堺ならではの町工場の趣を残す研ぎ専門の製作所

打刃物づくりの「鍛造」「研ぎ」「柄付け」の3つの大きな工程のなかで、切れ味や見た目の美しさを大きく左右する「研ぎ」。「刃を研ぐ」とひと言でいっても細かく分けると27あまりの工程があり、職人には繊細な技術と感性が求められます。
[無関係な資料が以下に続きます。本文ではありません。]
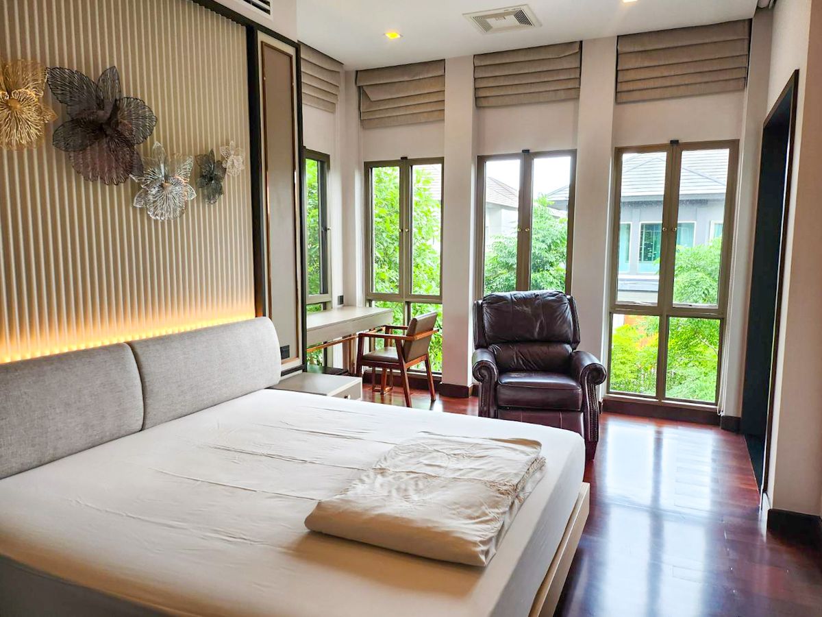=ภาษาไทยด้านล่าง= For rent, single house, Grand Bangkok Boulevard Srinakarin, size 390 sq.m., 4 bedrooms, with glass elevator, built-in furniture, ready to move in Location: next to the entrance of the Yellow Line BTS station, Srinakarin station, on Srinakarin Road, Nong Bon Subdistrict, Prawet District Details RBN-043 Luxury single house, Grand Bangkok Boulevard Srinakarin - 2-storey luxury mansion, Moroccan style, beautifully decorated, ready to move in - Land size 82 sq.w. - Usable area 390 sq.m. - 4 bedrooms / 4 bathrooms - 1 maid's room + bathroom - 1 living room / 1 dining room - 1 kitchen - 3 parking Highlights of the house - 1 glass elevator - 2 refrigerators (1 for personal use / 1 for maid) - 1 large shoe cabinet More than 50 pairs can be stored - Gardener and fish pond caretaker Project facilities - Clubhouse / Fitness - Swimming pool - Public park - 24-hour Triple Premium Security - Easy Pass entry and exit / Double Gate system Nearby places - Seacon Square - Paradise Park - Mega Bangna - Central Bangna - Suvarnabhumi International Airport - Suan Luang Rama IX - Samitivej Srinakarin Hospital - Thai Nakarin Hospital - Sikarin Hospital - Thai-Singapore International School - Bangkok International Academic School - Berkeley International School - Concordian International School - Charter International School - Montessori Academy Bangkok International School ---------- Rent 150,000 baht / month (1 year lease / 2 months deposit + 1 month advance) ---------- Make an appointment to see the house ☎️ คลิกเพื่อดูเบอร์โทรติดต่อ Tak Line: https://lin.ee/PgJChcF Line id: @perfectmatch (with @ in front) #Bangna house for rent #Srinakarin house for rent #Single house for rent #Ready to move in house for rent #Bangna single house for rent #Grand Bangkok Boulevard Srinakarin #GrandBangkokBoulevardSrinakarin #Near international school #ConcordianInternationalSchool #Ready to move in house #houseforrent #housebangna ================ ให้เช่า บ้านเดี่ยว แกรนด์ บางกอก บูเลอวาร์ด ศรีนครินทร์ ขนาด 390ตรม. 4 ห้องนอน มีลิฟท์แก้ว ตกแต่งเฟอร์บิ้วอิน พร้อมเข้าอยู่ ที่ตั้ง: ติดทางขี้นสถานีรถไฟฟ้าสายสีเหลือง สถานีศรีนครินทร์ ติดถนนศรีนครินทร์ แขวงหนองบอน เขตประเวศ รายละเอียด RBN-043 บ้านเดี่ยวหรู แกรนด์ บางกอก บูเลอวาร์ด ศรีนครินทร์ - คฤหาสน์หรู 2 ชั้น สไตล์โมร๊อคโค ตกแต่งสวยพร้อมเข้าอยู่ - ขนาดที่ดิน 82 ตรว. - พื้นที่ใช้สอย 390 ตรม. - 4 ห้องนอน / 4 ห้องน้ำ - 1 ห้องแม่บ้าน + ห้องน้ำ - 1 ห้องรับแขก / 1 ห้องประทานอาหาร - 1 ครัว - 3 ที่จอดรถ จุดเด่นของบ้าน - 1 ลิฟท์แก้ว - 2 ตู้เย็น ( 1 ใช้ส่วนตัว / 1 สำหรับแม่บ้าน) - 1 ตู้เก็บรองเท้าขนาดใหญ่ เก็บได้มากกว่า 50 คู่ - คนมีดูแลสวน และ ดูแลบ่อปลา สิ่งอำนวยความสะดวกในโครงการ - คลับเฮ้าส์ / ฟิตเนส - สระว่ายน้ำ - สวนสาธารณะ - Triple Premium Security ตลอด 24 ชม. - เข้า-ออกด้วยระบบ Easy Pass / ระบบประตู 2 ชั้น Double Gate สถานที่ใกล้เคียง - Seacon Square - Paradise Park - Mega Bangna - Central Bangna - Suvarnabhumi International Airport - สวนหลวง ร.9 - รพ.สมิติเวช ศรีนครินทร์ - รพ.ไทยนครินทร์ - รพ.ศิครินทร์ - ร.ร.นานาชาติไทย-สิงคโปร์ - Bangkok International Academic School - Berkeley International School - Concordian International School - Charter International School - Montessori Academy Bangkok International School ---------- ค่าเช่า 150,000 บาท/เดือน (สัญญาเช่า 1 ปี / ประกันของ 2 เดือน + ล่วงหน้า 1 เดือน) ---------- นัดชมบ้าน ☎️ คลิกเพื่อดูเบอร์โทรติดต่อ ตั๊ก Line: https://lin.ee/PgJChcF Line id: @perfectmatch (มี @ ข้างหน้าด้วยนะคะ) #บ้านเช่าบางนา #บ้านเช่าศรีนครินทร์ #บ้านเดี่ยวให้เช่า #บ้านเช่าพร้อมอยู่ #เช่าบ้านเดี่ยวบางนา #แกรนด์บางกอกบูเลอวาร์ดศรีนครินทร์ #GrandBangkokBoulevardSrinakarin #ใกล้โรงเรียนนานาชาติ #ConcordianInternationalSchool #บ้านพร้อมอยู่ #houseforrent #housebangna

昔ながらの分業が残る堺で、「刃付け」と呼ばれるこの刃物の研ぎ工程を主に行うのが森本刃物製作所です。住宅街の一画にある自宅に併設された工房で、近所の人たちとあいさつを交わしながら家族そろって作業にあたる様子は、まさに“地域に根付く、人情味あふれる町工場”。かつては堺市内のあちこちで見られた、職人の町ならではの風景です。

経験とセンスがものをいう繊細な研ぎ工程

もうすぐ創業100年という歴史ある森本刃物製作所で、現在、代表を務めるのは、今年で83歳になる2代目、森本光一さん。父である初代、森本宇一郎氏に従事し研ぎの世界に飛び込んでから、この道66年という大ベテランです。1987年に伝統工芸士として認定され、大阪府優秀技能者表彰「なにわの名工」としても活躍。また、厚生労働省より「現代の名工」として表彰されたほか、2016年には黄綬褒章を受章されるなど、業界では知る人ぞ知る存在です。
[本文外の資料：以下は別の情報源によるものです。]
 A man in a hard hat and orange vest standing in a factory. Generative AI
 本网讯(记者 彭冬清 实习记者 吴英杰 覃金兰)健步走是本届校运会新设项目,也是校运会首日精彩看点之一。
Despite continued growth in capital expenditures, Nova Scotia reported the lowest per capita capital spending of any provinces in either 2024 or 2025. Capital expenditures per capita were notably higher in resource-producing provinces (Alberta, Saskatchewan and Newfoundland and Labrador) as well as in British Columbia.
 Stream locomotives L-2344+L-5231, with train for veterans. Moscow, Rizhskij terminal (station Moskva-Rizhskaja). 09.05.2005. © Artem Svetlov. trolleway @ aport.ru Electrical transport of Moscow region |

光一さんとともに工房を支える長男、守さんも、2012年に伝統工芸士に認定。次男の吉昭さんと、守さんの妻、麻佐子さん、そしてその息子である源生さんとともに、家族3代で伝統を受け継いでいます。

工房を訪れるとサイズも素材もさまざまな砥石が所狭しと並んでいます。創業当時から使われているという年季の入った道具も少なくなく、こまめにメンテナンスをしながら大切に使っているそう。

鍛冶屋から届いた地金は、まずは表面を荒い砥石で研ぎ、刃先の厚みを落とし、形を整える「荒研ぎ」を行います。 続いて、平らな面を研ぎ進めた後、刃先を研ぎ上げる「本研ぎ」、裏面を薄く研ぎあげる「裏研ぎ」へと続きます。最後は目の細かい砥石で美しく仕上げていきます。

「一つひとつ手作業で仕上げているので、ユーザーの細かな要望に応えられるのが私たちの強みです。『切れ味がいい』とひと言でいっても感覚的なものなので千差万別。どんなシーンで何を切るのか、どんな切れ味が好みなのか、しっかりと聞き取って微調整をしていきます。これは教わってできるものではないので、経験とセンスが不可欠です」

と、光一さん。言葉で伝えきれない細かな要望を形にする繊細な仕事ぶりが、国内外の多くのファンたちを唸らせています。

SNSやクラファンを活用し堺刃物の魅力を積極的に発信

「私たちは、プロ用和包丁の卸問屋などへの納品を主に行う傍ら、少量多品種の受注も請け負い、地金の手配から柄付け、出荷までも一貫して行っています。同時にオリジナリティあふれる自社商品開発を行うことで、こだわりのあるユーザーの希望に柔軟に応える、地元に根付いた刃物屋さんを目指しています」

こう語るのは、現場の作業だけでなく、商品の開発や広報も担う麻佐子さん。

SNSで製造の様子を動画で投稿したり、刃物のメンテナンス方法を伝えたりと、国内だけでなく海外の人たちにも堺刃物に親しみをもってもらえるよう、さまざまな角度からその魅力を発信しています。

そんな取り組みのひとつが、2021年と2022年に大阪市の革工房「リリーレザーデザイン」とともに挑んだ、クラウドファンディングMakuakeのプロジェクト。この時に企画したキャンプ専用ナイフ「EIJIN」は、「堺の包丁屋さんがつくったナイフ」をコンセプトに、材料の確保から熱処理〜仕上げまで独自の手配により生み出した商品です。鋭い切れ味がありながら粘り強く、ハードな使用にも刃こぼれしにくいナイフは、豪快な薪割りから料理の細かなカットまで1本で担う優れもの。クラウドファンディングでは、2回合わせて購入総額800万円以上、販売本数は250本を超える結果となりました。

「職人たちの技術の高さが遺憾なく発揮された独自性のあるアイテムで、『メイド・イン・大阪・堺』のプロダクトの魅力を国内外にアピールしていきたいですね」

小さな町工場の挑戦は、堺刃物の業界全体に新しい風を吹き込んでいます。